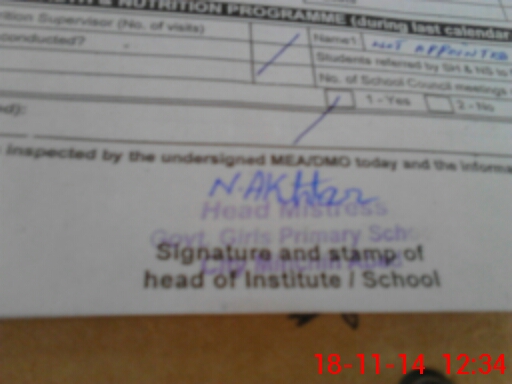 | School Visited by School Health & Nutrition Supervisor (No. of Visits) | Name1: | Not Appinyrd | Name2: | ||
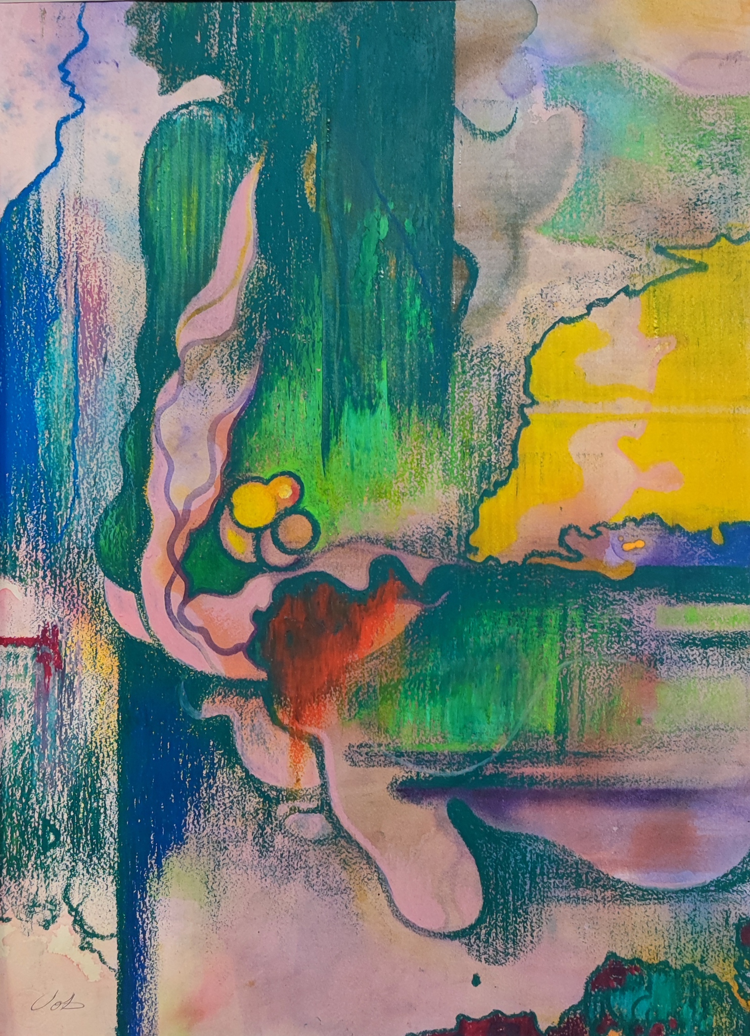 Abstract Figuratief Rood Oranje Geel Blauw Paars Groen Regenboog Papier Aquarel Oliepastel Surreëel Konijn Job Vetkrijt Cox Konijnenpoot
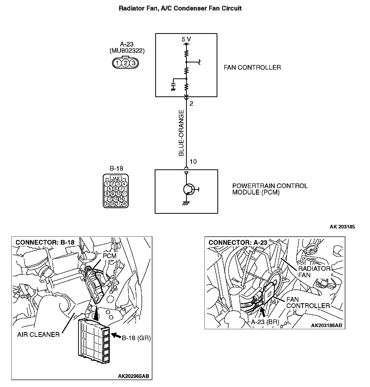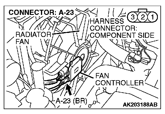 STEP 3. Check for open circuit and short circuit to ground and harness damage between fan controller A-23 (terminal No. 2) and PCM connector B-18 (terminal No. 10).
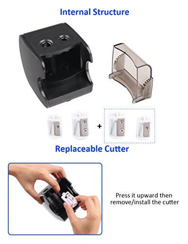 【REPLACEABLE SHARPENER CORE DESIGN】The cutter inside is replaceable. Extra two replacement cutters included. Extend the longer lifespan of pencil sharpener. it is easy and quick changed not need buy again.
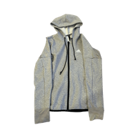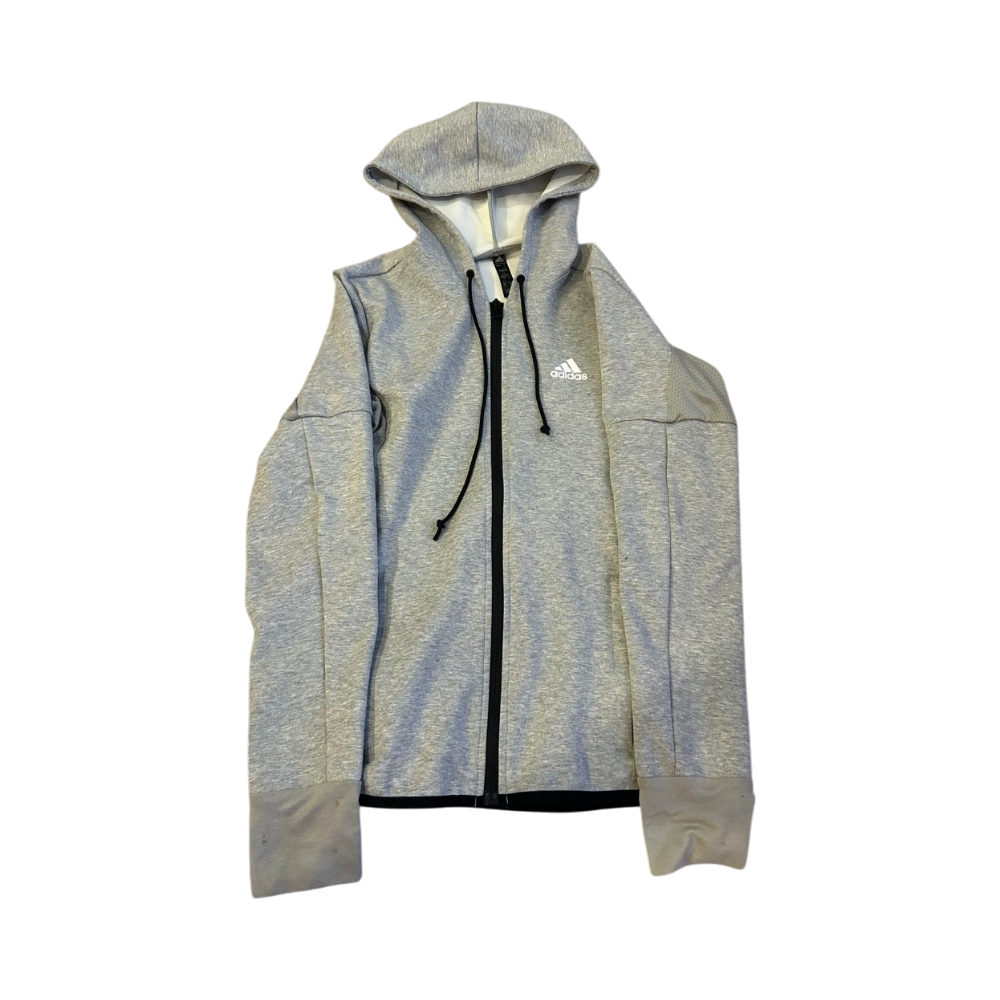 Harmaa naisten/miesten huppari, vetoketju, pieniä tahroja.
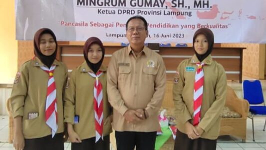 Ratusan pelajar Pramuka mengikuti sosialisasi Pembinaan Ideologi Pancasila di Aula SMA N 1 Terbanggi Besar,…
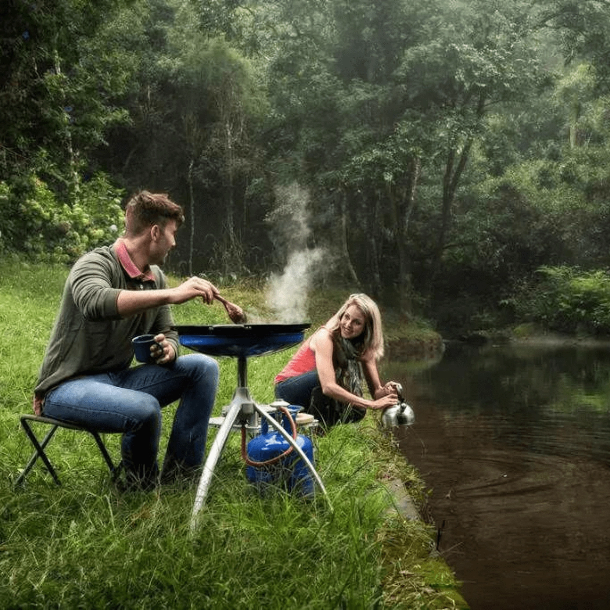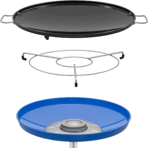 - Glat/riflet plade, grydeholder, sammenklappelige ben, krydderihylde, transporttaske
==*==
● EXERCISE DIRECTIONS:
Give again the lines from the line that contains "need buy again." through the last line of the material above, exactly and with both ends included. Omit the pictures.

● FINISHED TASK:
 【REPLACEABLE SHARPENER CORE DESIGN】The cutter inside is replaceable. Extra two replacement cutters included. Extend the longer lifespan of pencil sharpener. it is easy and quick changed not need buy again.
 Harmaa naisten/miesten huppari, vetoketju, pieniä tahroja.
 Ratusan pelajar Pramuka mengikuti sosialisasi Pembinaan Ideologi Pancasila di Aula SMA N 1 Terbanggi Besar,…
 - Glat/riflet plade, grydeholder, sammenklappelige ben, krydderihylde, transporttaske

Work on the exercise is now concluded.